Bougenville di halaman rumah bercat putih itu seakan menjadi
saksi bisu. Di dekatnya, tampak berdiri seorang tentara Belanda memangku
senjata sedang berjaga. Bung Karno, Sutan Syahrir dan H Agus Salim kelihatan
tertawa. Mengapa mereka tertawa? Bukankah mereka dalam pengasingan? Entahlah.
Tapi, setidaknya itulah yang tergambarkan dalam foto memoar yang tergantung di
dalam rumah bersejarah itu, kini.
Di Desa Laugumba, Kecamatan Berastagai Tanah Karo tepatnya di
kawasan seluas 1,5 hektar, terdapat sebuah rumah semi permanen bercat putih,
beratap seng berukuran 20×30 meter, dengan seluas taman yang ditumbuhi
rerumputan hijau dan bunga-bunga. Tempatnya hening, jauh dari kebisingan. Angin
berhembus sejuk hampir sepanjang waktu. Dan tahukah Anda bahwa di tempat itulah
Soekarno, sang pelopor kemerdekaan dengan kedua tokoh penting itu pernah
diasingkan semasa Belanda melancarkan Agresi Militer yang kedua, pada 1948.
Ir Soekarno yang juga digelari sebagai “purtra sang fajar”

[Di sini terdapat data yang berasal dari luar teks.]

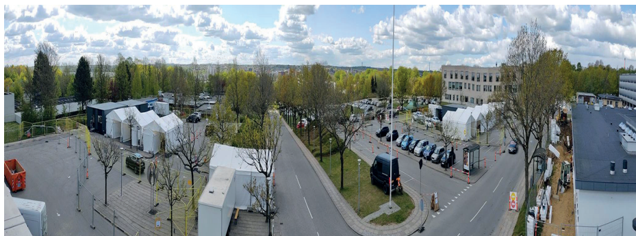
Testcentret ved Kolding Sygehus var delt i fire afsnit, baseret på telte på begge sider af den gennemgående vej. Hjemmeværnet viste vej og hjalp folk efter behov.

I det tidlige forår 2021 dukkede den indiske deltavariant op. Den var endnu mere smittefarlig. Myndighederne opretholdt restriktionerne, intensiverede testningen og søgte på alle måder at øge vaccineleverancerne, så man gennem vaccination hurtigst muligt kunne opnå flokkimmunitet i befolkningen.
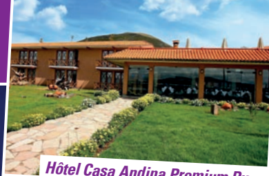
Hôtel Casa Andina Premium Puno
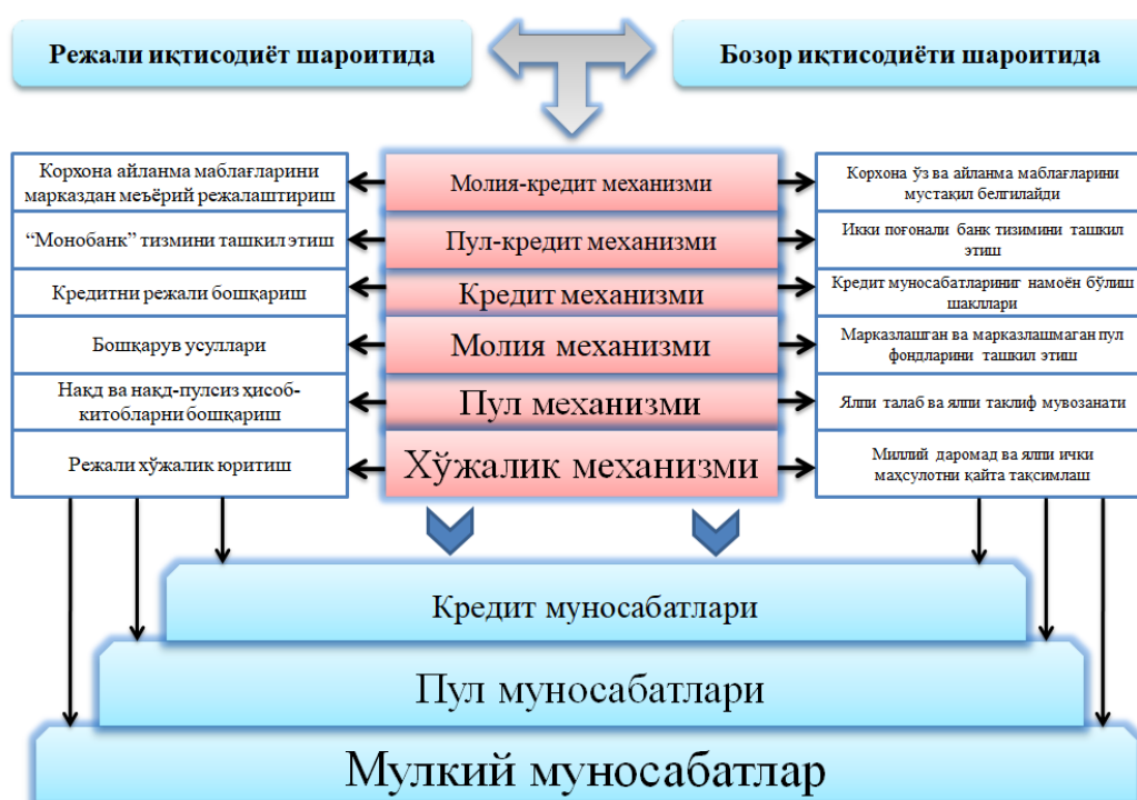
1-rasm. Turli iqtisodiy sharoitlarda iqtisodiy munosabatlarning bog'liqligi 4

Ushbu tahlil qilib o'tilgan iqtisodiy munosabatlar turli xil iqtisodiy mexanizmlar ta'siri doirasida rivojlangan va kengaygan. Quyidagi chizmada buni yaqqol ko'rish mumkin (1-rasm).
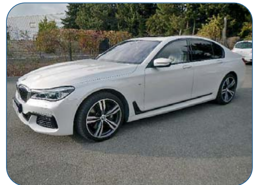
BMW 750i Xdrive 450 Ch M Sport, ba, de 2016

Mais aussi : AUDI A6 Avant, 2013 - AUDI A4 Quattro, 2015 - BMW X1 Sdrive, 2016 - CITROËN C4 Picasso, 2010 - DS3, 2015 FORD S-Max, 2013 - FORD C-Max, 2014 - FORD Edge, 2016 - NISSAN Micra, 2015 PEUGEOT 3008, 2010 - PEUGEOT 5008, 2015 - VOLKSWAGEN Golf, 2015
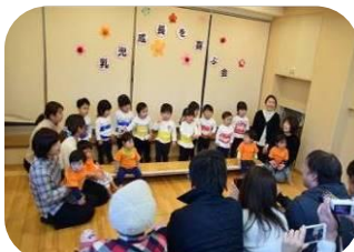
☆0 歳児成長を喜び会
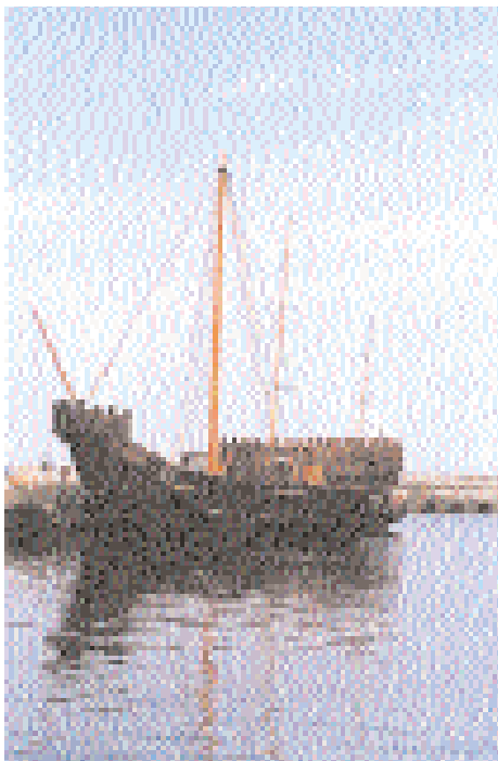
Een replica van een middeleeuwse kogge in de haven van Simrishamn (Zweden) (RA)

(zie kader) - om slechts twee van de meest bekende te noemen - maar daar blijft het dan meestal bij. Maar ook Vlaanderen heeft een zeer rijke maritieme traditie. Het hoeft dan ook weinig betoog dat er ook hier wel degelijk nood is aan een onderzoekseenheid van de overheid die zich buigt over het maritiem en fluviaal archeologisch patrimonium. Niet overtuigd? Oordeel dan zelf maar op basis van enkele hieronder opgesomde voorbeelden.
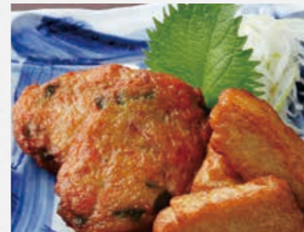
寺田屋の つけ揚げ(さつま揚げ) 鹿児島の新鮮な魚だけを使い 一つ一つ手作りで作りました ¥780
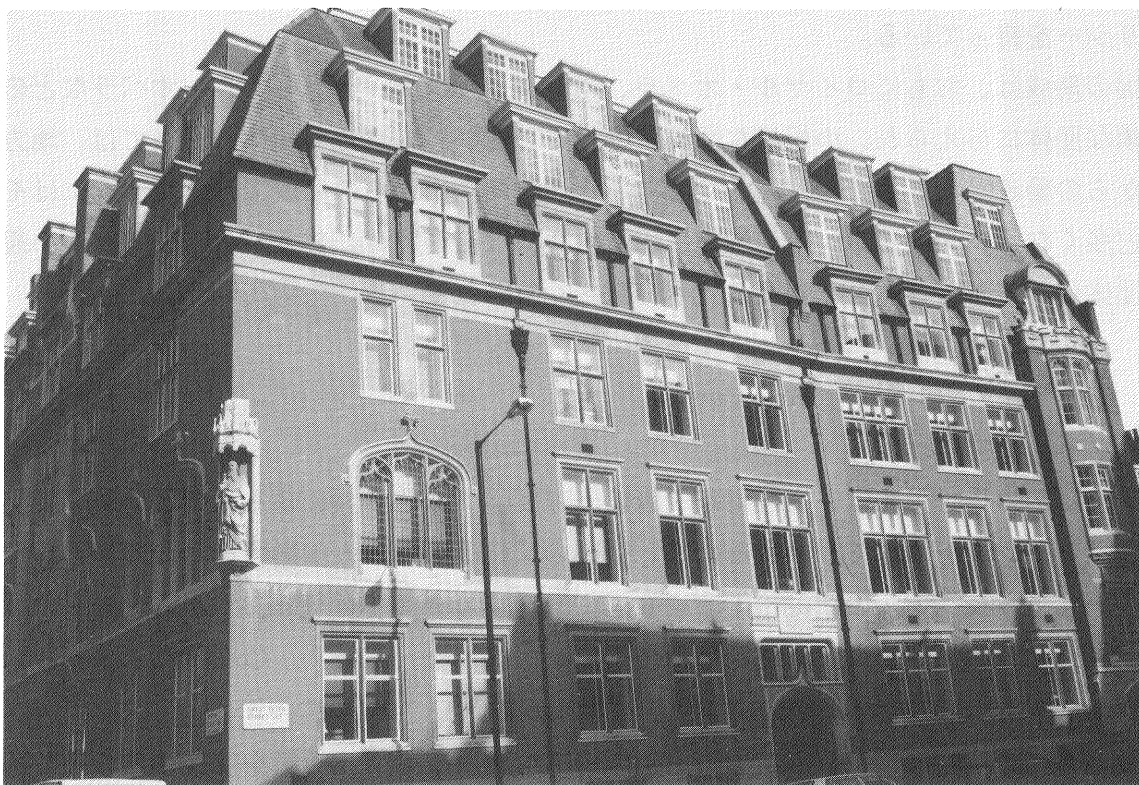
アーツ・カウンシル

の活動内容が変化した。1942年には、アマチュアだけでなくプロの芸術と芸術家を強化するために CEMA が国有化され、経済学者として有名なジョン・メナード・ケインズが会長に就任した。1945年に政府は、CEMA を "The Arts Council of Great Britain" として存続させることを発表した。1946年、ケインズは『大衆が容易に参加できる高いレベルのプロフェッショナルな芸術の促進』（これは、現在では矛盾を孕んだものとして認識されている。）をアーツ・カウンシルの目的として憲章に定めた。ケインズの功績としては、アーツ・カウンシルの決定権の大部分を内部の委員や事務職幹部から外部の諮問委員会に移したこと、戦争中ドイツ軍の爆撃等の理由で閉鎖されていたロイヤルオペラを再開したことがあげられ、これらは以後のアーツ・カウンシルの存在意義に多大な影響を与えている。

merupakan presiden pertama Republik Indonesia (RI), H Agus Salim yang merupakan
perdana menteri pertama RI, serta Sutan Syahrir menteri luar negeri RI,
ketiganya pernah menginap selama 12 hari di sana. Setelah itu dibawa ke Parapat
selama tiga hari dengan alasan faktor keamanan.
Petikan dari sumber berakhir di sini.